To study endothelial injury in vitro, we established a three-dimensional (3-D) blood vessel model in which human umbilical vein endothelial cells were grown in the presence of basic fibroblast growth factor and vascular endothelial growth factor. We then performed comparative studies on cisplatin (cis-platinum-diammine-dichloride, CDDP)-induced endothelial injury in 3-D and monolayer cultures. In 3-D culture, CDDP induced cell death and tube breakdown without DNA damage, whereas CDDP induced apoptosis accompanied by DNA damage in monolayer culture. CDDP also induced caspase-3 activation in a concentration-dependent manner in both cultures. A broad-spectrum caspase inhibitor, zVAD-fmk, failed to prevent CDDP-induced cell death and tube breakdown in 3-D culture, whereas zVAD-fmk suppressed CDDP-induced apoptosis in monolayer culture. A calpain inhibitor, MDL28170, attenuated CDDP-induced cell death and tube breakdown in 3-D culture, but not apoptosis in monolayer culture. These results showed that calpain is involved in CDDP-induced endothelial injury in 3-D culture and there are significant differences in signaling pathways between 3-D and monolayer cultures.

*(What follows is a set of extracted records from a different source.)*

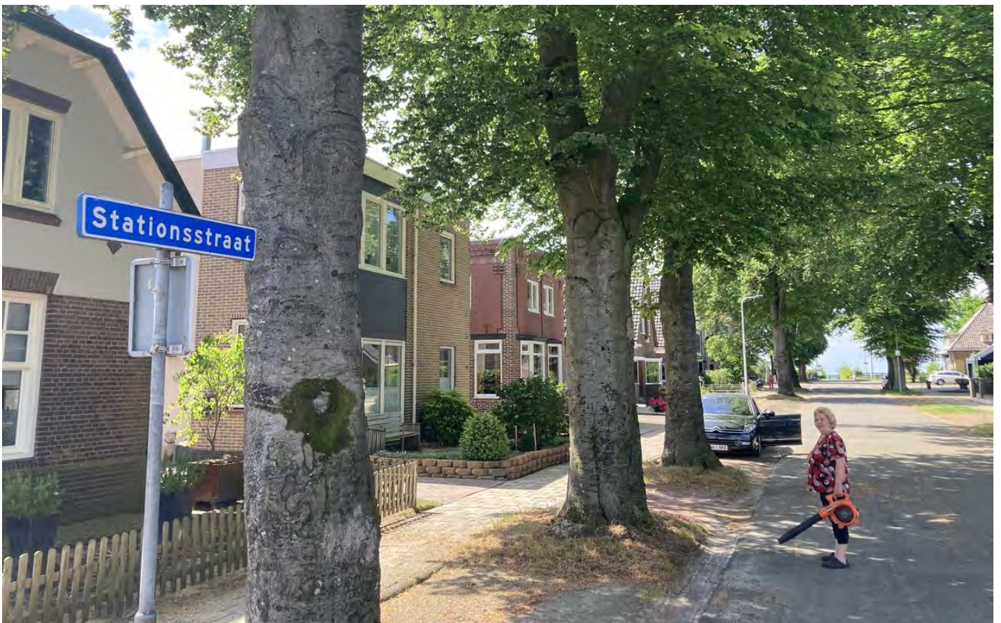
Erica Wiering in de Stationsstraat in Musselkanaal zonder station.

Woensdag is de dag van de Nedersaksenlijn. Experts verzinnen dan kansen om de spoorlijn Groningen-Enschede naar een hoger plan te tillen. Hoe leeft het in Musselkanaal, een tussenstation? „Ik woon al 75 jaar naast de spoorlijn en heb nog nooit een passagierstrein gezien. En die ga ik ook niet zien.”
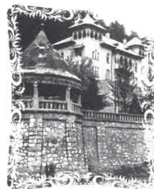
Fig. 10 Vila dr. Crăciunescu și Izvorul de cura internă 1926

În perioada interbelică, în stațiunea Băile Herculane s-au construit noi edificii, dintre care cele mai reprezentative sunt: Hotelul Cerna (1936 – 1939), Vila dr. Crăciunescu (1926) și s-au reabilitat Izvorul de ochi (fig. 9) și Izvorul de stomac (fig. 10) (1926), toate acestea constituind un al treilea nucleu arhitectural al Centrului Istoric. Valoarea deosebită a acestor clădiri constă în faptul că s-a respectat stilul arhitectural neoromânesc specific acelei perioade, demonstrând, fără putință de tăgadă, că administrația românească a fost capabilă să reabiliteze stațiunea Băile Herculane, ba mai mult, să-i sporească zestrea edilitară cu noi edificii balneare și să-i redea stațiunii Băile Herculane faima de altădată pentru a fi vizitată de oaspeți din toate colțurile lumii.
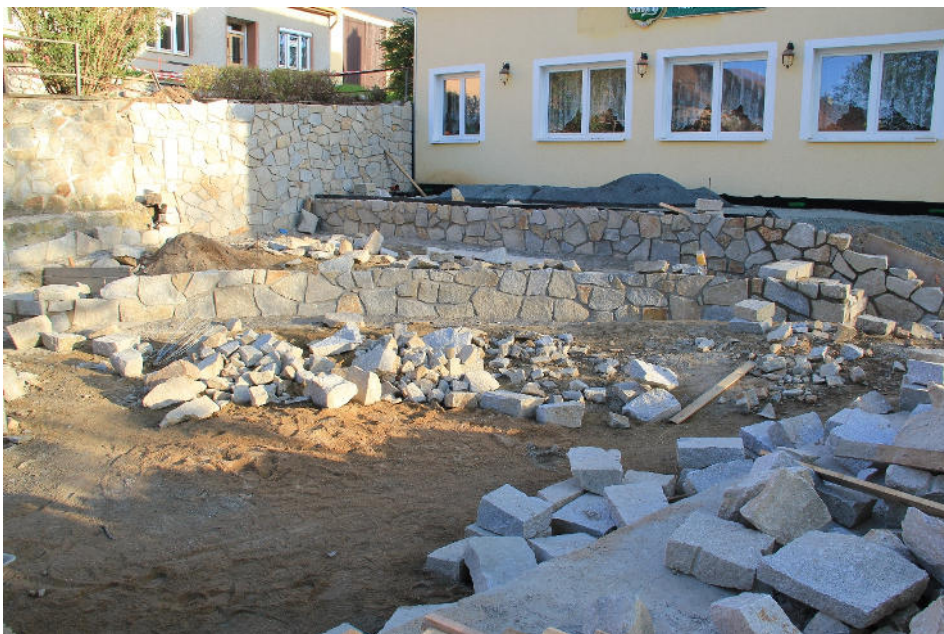
Úprava náměstíčka „U Rybníčka“ v Ořechevických
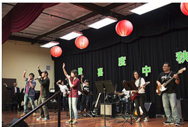
9月17日，聖地亞哥臺灣同鄉會在臺灣中心舉辦中秋慶祝晚會。圖為聖地雅歌臺灣基督長老教會的年輕人演唱歌曲，並和觀眾熱烈互動。
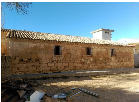
(2) Fachada norte. Años 2015 -2016
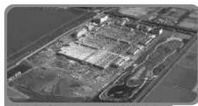
児島湖浄化センター（岡山県管理）
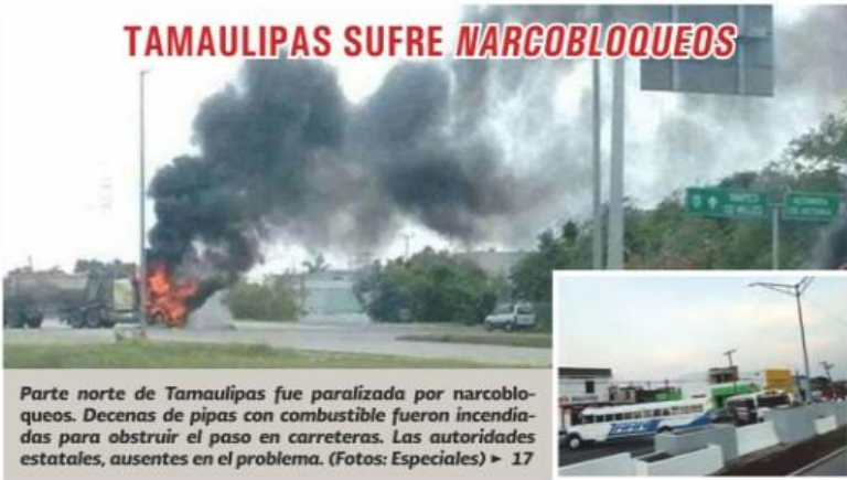
Parte norte de Tamaulipas fue paralizada por narcotráficos. Decenas de pipas con combustible fueron incendiadas para obstruir el paso en carreteras. Las autoridades estatales, ausentes en el problema. ▶ 17
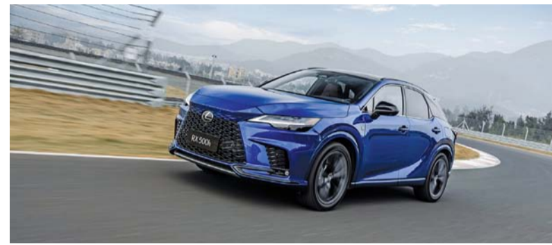
■ آر إكس تأتي بالعديد من خيارات الراحة

وتعكس سيارة آر إكس فلسفة علامة لكزس التجارية حيث تتمتيز بخيارات الراحة التي تشمل باب خلفي كهربائي مع مستشعر للقدم دون استخدام اليدين، ومساحات استشعار عند طول المطر وجهاز غسل المصابيح الأمامية والمفتاح الذكي ونظام الدخول المضاء الترحيبي واشحن هاتفك باستخدام
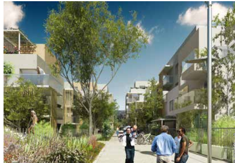
DES VOIES DÉDIÉES AUX PIÉTONS ET AUX CYCLISTES

Situé à 12 kms de Paris, au cœur du quartier de la Varenne, le Jardin des Facultés est un futur écoquartier de 6,6 hectares dédié à la qualité de vie. Le parc arboré en constituera le véritable poumon vert. L'ambition du projet est de réaliser un quartier à taille humaine qui réponde à une exigence de qualité architecturale et paysagère forte, qui offre des équipements variés ouverts à tous les Saint-Mauriens, qui s'adapte aux différents besoins en logements et qui facilite les modes de déplacement doux pour un quartier apaisé et agréable à vivre.

为了研究体外的内皮细胞损伤,我们建立了一个三维(3-D)血管模型,其中人脐静脉内皮细胞在碱性成纤维细胞生长因子和血管内皮生长因子的存在下生长。然后,我们对顺铂(顺铂二胺二氯,CDDP)在 3-D 和单层培养物中诱导的内皮损伤进行了比较研究。在 3-D 培养中,CDDP 诱导细胞死亡和管破裂,而不会引起 DNA 损伤,而 CDDP 在单层培养中诱导伴随 DNA 损伤的细胞凋亡。CDDP 还在两种培养物中以浓度依赖性方式诱导半胱天冬酶-3 的激活。广谱半胱天冬酶抑制剂 zVAD-fmk 未能阻止 3-D 培养物中 CDDP 诱导的细胞死亡和管破裂,但抑制了单层培养物中 CDDP 诱导的细胞凋亡。钙蛋白酶抑制剂 MDL28170 减轻了 3-D 培养物中 CDDP 诱导的细胞死亡和管破裂,但对单层培养物中的细胞凋亡没有影响。这些结果表明钙蛋白酶参与了 3-D 培养物中 CDDP 诱导的内皮细胞损伤,并且 3-D 和单层培养物之间存在信号通路的显著差异。